Bruxelles soutient la préférence nationale à l’emploi au Maroc.

Question de Dominique Martin à la Commission européenne.

Bruxelles soutient la préférence nationale à l’emploi au Maroc.

Le Maroc et l’Union européenne (UE) ont signé le 24 juillet 2018 un nouvel accord de pêche Maroc-UE[1].

Ce texte précise les conditions d’accès pour les flottes des États membres sur des zones de pêches marocaines. L’UE versera chaque année au Maroc une taxe annuelle de 52 millions d’euros, soit une hausse de 30%, et sera contrainte de débarquer une certaine quantité de poisson au Maroc.

Concernant l’emploi, les navires européens devront former et employer des marins marocains[2]. C’était déjà le cas dans le précédent accord. D’après le Département marocain de la Pêche Maritime, près de 1 000 contrats de travail concernant l’embarquement de marins marocains sur des navires européens ont été conclus entre 2014 et 2016. Des observateurs marocains sont aussi systématiquement embarqués sur tous les chalutiers pélagiques industriels. D’après la Commission cet accord de pêche a pour objectif spécifique de contribuer au développement économique et social du secteur de la pêche au Maroc par l’emploi de marins marocains et dans les filières installées sur place[3].

 

Pourquoi la Commission n’instaure pas des clauses similaires de préférence à l’emploi ou de transfert technologique dans ses accords commerciaux ?

C’est ainsi que nos savoir-faire et nos ingénieurs partent aux 4 coins du monde.

 

 

[1] https://www.yabiladi.com/articles/details/67390/maroc-l-ue-paraphe-nouvel-accord.html

[2] https://www.leconomiste.com/article/1031220-peche-l-accord-maroc-ue-toujours-en-negociation

[3] https://eur-lex.europa.eu/legal-content/FR/ALL/?uri=CELEX:52018SC0001

 

Réponse donnée par Mme Malmström au nom de la Commission européenne (13.3.2019)

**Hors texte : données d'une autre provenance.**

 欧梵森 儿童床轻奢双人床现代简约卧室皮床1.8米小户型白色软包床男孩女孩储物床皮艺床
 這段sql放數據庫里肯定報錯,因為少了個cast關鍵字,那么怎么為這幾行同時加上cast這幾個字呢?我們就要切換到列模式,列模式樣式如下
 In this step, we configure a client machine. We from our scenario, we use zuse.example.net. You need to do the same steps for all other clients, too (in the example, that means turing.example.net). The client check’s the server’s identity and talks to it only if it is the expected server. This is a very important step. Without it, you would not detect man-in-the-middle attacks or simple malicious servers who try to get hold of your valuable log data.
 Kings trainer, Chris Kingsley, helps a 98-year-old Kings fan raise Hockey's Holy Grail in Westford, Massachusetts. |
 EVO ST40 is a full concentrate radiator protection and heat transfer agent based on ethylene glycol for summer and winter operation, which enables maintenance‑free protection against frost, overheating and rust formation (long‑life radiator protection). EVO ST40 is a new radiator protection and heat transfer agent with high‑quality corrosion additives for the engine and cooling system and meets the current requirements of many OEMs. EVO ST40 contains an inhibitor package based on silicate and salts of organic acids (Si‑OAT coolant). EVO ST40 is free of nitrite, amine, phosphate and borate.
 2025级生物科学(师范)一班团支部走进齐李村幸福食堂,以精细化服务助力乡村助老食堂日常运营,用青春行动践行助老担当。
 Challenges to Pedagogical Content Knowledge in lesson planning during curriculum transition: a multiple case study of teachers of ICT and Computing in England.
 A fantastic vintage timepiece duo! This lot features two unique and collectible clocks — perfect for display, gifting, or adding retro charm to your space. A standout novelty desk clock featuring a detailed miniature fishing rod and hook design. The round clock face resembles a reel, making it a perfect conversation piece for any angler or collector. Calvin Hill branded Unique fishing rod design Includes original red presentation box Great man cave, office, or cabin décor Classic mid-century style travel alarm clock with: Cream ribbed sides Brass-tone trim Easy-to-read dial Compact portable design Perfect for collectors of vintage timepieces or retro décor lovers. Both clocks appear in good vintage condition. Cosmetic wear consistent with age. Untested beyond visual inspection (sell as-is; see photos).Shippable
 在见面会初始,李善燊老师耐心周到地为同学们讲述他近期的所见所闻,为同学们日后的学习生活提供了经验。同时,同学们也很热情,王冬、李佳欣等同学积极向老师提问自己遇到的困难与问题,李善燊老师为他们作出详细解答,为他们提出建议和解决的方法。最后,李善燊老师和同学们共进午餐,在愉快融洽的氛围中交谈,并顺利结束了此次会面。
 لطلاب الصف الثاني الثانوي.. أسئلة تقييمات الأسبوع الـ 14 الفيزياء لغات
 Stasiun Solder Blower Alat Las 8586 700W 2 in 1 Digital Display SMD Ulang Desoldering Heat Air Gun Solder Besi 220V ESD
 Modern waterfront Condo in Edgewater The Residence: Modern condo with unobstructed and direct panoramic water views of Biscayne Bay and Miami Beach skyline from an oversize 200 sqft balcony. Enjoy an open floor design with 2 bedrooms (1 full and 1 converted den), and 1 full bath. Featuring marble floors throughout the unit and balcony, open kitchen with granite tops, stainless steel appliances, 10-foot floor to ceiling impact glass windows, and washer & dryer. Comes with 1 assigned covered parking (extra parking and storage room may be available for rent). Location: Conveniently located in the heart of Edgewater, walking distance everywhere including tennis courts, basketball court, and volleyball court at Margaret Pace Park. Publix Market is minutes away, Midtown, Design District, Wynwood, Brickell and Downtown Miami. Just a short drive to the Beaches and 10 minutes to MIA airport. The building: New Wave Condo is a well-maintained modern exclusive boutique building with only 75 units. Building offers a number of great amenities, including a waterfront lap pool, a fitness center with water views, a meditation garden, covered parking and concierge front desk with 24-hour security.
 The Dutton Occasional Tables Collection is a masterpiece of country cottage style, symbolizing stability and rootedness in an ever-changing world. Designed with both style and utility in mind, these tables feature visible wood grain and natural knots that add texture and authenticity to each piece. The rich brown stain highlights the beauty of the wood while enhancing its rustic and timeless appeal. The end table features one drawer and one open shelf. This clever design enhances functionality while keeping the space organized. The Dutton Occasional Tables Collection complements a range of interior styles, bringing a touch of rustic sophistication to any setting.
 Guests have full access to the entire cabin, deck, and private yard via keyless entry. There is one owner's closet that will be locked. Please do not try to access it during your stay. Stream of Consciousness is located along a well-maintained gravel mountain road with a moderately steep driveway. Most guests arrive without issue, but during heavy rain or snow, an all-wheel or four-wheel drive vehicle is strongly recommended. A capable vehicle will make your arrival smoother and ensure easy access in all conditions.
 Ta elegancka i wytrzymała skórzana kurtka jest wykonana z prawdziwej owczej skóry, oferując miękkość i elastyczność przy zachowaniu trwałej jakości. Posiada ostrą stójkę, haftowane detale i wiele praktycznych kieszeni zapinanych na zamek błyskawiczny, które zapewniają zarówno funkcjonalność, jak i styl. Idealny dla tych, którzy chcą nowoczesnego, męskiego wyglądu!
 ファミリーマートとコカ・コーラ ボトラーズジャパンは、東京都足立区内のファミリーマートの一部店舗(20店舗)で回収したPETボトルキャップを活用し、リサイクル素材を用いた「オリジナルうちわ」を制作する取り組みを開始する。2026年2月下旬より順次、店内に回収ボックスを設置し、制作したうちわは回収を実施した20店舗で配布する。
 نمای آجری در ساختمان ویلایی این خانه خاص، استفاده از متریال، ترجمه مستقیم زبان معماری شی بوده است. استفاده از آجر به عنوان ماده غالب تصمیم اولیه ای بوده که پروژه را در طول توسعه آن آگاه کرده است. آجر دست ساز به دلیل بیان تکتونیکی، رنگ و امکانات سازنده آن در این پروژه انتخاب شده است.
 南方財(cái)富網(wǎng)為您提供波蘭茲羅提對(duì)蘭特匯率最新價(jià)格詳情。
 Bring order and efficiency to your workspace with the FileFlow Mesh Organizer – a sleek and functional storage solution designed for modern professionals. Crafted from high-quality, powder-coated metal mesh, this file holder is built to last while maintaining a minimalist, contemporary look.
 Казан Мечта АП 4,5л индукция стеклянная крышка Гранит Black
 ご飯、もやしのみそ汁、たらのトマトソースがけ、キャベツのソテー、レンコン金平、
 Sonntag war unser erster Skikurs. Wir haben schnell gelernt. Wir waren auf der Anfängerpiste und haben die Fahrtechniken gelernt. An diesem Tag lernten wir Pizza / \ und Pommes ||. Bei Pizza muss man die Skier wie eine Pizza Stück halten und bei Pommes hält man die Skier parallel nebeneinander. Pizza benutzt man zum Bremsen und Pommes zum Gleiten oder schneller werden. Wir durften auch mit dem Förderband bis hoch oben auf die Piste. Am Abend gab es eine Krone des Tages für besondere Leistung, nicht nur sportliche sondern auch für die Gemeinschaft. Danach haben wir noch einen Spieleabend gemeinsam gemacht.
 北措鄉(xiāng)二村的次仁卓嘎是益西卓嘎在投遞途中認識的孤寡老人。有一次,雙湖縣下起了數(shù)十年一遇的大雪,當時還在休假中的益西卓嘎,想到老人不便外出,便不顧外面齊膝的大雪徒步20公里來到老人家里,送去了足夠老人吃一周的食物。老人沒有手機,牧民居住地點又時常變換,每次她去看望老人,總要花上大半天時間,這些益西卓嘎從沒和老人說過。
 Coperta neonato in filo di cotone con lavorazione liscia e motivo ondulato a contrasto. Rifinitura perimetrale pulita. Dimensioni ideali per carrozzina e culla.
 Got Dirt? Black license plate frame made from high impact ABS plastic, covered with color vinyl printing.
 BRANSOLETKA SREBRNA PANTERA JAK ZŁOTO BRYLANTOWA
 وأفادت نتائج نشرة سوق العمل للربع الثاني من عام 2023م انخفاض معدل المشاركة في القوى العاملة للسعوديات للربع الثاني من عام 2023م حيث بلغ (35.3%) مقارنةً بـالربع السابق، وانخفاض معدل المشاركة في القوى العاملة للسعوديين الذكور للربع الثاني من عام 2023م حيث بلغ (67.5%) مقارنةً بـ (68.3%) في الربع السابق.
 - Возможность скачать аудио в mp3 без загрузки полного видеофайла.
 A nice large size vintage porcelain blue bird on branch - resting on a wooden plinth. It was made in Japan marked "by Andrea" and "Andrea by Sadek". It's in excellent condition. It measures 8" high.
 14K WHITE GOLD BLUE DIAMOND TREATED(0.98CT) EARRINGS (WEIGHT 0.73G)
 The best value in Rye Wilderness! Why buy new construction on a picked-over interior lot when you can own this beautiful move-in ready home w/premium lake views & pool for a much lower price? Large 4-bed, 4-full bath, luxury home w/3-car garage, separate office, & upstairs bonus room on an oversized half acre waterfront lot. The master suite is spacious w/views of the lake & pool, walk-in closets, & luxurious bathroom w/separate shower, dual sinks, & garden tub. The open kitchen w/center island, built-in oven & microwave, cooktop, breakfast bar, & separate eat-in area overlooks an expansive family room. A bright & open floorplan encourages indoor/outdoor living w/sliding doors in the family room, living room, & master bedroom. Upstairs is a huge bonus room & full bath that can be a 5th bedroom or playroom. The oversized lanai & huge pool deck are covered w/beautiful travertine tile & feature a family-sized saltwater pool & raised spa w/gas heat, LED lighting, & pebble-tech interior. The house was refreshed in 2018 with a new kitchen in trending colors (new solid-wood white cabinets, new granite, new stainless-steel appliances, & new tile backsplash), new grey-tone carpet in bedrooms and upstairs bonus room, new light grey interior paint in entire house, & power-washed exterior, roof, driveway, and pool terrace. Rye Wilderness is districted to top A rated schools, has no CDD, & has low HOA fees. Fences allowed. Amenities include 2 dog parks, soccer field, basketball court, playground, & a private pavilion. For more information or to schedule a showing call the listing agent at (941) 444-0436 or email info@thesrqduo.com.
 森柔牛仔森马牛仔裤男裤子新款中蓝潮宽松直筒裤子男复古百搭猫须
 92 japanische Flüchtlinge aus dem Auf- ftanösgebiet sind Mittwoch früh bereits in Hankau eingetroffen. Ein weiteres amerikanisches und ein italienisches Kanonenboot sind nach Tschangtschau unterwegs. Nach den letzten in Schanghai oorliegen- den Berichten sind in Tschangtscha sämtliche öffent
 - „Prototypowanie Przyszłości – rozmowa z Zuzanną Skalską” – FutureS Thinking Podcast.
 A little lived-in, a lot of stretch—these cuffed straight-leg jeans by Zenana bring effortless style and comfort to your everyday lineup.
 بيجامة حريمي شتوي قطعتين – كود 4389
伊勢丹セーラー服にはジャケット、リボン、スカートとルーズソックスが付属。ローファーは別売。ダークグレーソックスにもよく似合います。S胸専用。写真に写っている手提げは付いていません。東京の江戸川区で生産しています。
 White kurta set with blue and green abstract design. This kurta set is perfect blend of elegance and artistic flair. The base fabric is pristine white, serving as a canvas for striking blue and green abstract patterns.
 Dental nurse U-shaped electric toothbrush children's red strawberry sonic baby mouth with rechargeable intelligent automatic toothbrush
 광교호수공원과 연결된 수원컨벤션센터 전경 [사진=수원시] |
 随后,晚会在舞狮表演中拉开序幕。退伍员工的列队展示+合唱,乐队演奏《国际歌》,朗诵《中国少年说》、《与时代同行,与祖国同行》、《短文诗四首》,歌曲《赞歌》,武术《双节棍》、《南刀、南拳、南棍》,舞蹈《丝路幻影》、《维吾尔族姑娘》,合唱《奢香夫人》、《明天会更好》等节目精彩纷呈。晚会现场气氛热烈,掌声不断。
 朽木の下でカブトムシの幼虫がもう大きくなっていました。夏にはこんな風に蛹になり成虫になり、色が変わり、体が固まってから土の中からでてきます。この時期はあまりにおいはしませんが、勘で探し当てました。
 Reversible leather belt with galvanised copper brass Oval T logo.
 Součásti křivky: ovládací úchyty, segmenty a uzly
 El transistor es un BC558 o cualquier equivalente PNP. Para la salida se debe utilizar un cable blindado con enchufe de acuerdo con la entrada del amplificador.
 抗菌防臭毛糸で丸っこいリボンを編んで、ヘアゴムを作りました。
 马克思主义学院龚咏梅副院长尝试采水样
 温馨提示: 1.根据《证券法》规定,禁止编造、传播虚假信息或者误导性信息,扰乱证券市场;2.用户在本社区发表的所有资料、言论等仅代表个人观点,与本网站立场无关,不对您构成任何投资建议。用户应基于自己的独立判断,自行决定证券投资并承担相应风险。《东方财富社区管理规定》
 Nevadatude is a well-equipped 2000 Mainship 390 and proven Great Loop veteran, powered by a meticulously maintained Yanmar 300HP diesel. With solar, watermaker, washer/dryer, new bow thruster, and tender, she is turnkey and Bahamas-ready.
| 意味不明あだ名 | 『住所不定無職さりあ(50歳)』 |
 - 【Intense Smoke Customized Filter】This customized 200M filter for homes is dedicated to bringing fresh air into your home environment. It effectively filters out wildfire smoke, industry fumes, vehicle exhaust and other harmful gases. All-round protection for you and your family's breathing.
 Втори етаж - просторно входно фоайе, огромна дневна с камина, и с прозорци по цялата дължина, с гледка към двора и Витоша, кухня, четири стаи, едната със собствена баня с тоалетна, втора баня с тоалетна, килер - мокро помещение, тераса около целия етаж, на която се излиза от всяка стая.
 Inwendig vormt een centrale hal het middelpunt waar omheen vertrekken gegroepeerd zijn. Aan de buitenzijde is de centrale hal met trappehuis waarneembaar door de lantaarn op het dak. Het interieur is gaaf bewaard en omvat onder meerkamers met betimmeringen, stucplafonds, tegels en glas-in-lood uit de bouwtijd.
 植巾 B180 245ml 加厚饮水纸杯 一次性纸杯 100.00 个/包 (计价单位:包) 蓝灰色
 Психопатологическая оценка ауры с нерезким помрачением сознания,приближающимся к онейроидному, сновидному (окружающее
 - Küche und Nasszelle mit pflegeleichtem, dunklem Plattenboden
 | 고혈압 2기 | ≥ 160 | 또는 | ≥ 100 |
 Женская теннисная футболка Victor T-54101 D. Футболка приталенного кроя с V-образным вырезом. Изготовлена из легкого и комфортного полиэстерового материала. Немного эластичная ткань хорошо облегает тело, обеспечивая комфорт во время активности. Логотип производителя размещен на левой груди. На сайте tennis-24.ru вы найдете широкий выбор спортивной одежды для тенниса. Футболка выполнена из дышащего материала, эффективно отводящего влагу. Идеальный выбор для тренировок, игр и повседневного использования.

Le Maroc est l’un des partenaires les plus proches de l’Union européenne dans son voisinage méridional pour un large éventail de problèmes. Le partenariat avec le Maroc est un engagement stratégique à long terme pour l’UE. L’Union apprécie non seulement ses relations bilatérales avec le Maroc, mais aussi le rôle régional et international de ce pays, qui en fait un allié important.

 

Dans ses accords commerciaux, l’UE inclut des dispositions qui facilitent la mobilité professionnelle d’un large éventail de personnes hautement compétentes et qualifiées.

 

En ce qui concerne le transfert de technologies, les accords commerciaux conclus par l’UE contiennent souvent des dispositions sur la coopération dans les domaines suivants: «transfert de technologies, de l’innovation et de la R&D» (article 45 de l’accord d’association UE‑Égypte), «recherche scientifique et technologique» (article 45 de l’accord d’association UE‑Maroc) ou «innovation technologique et transfert de nouvelles technologies et de savoir-faire» (article 47 de l’accord d’association UE-Tunisie).

 

Ces accords commerciaux ne peuvent être comparés aux accords de partenariat de l’UE sur la pêche durable, qui prévoient l’accès aux opérations de pêche des navires battant pavillon de l’UE dans les eaux relevant de sa souveraineté ou de la juridiction d’un pays partenaire. Cet accès est accordé moyennant le versement d’une compensation financière et d’autres avantages de la part de l’UE, y compris des dispositions visant à développer le secteur de la pêche du pays partenaire, telles que des dispositions relatives à l’emploi.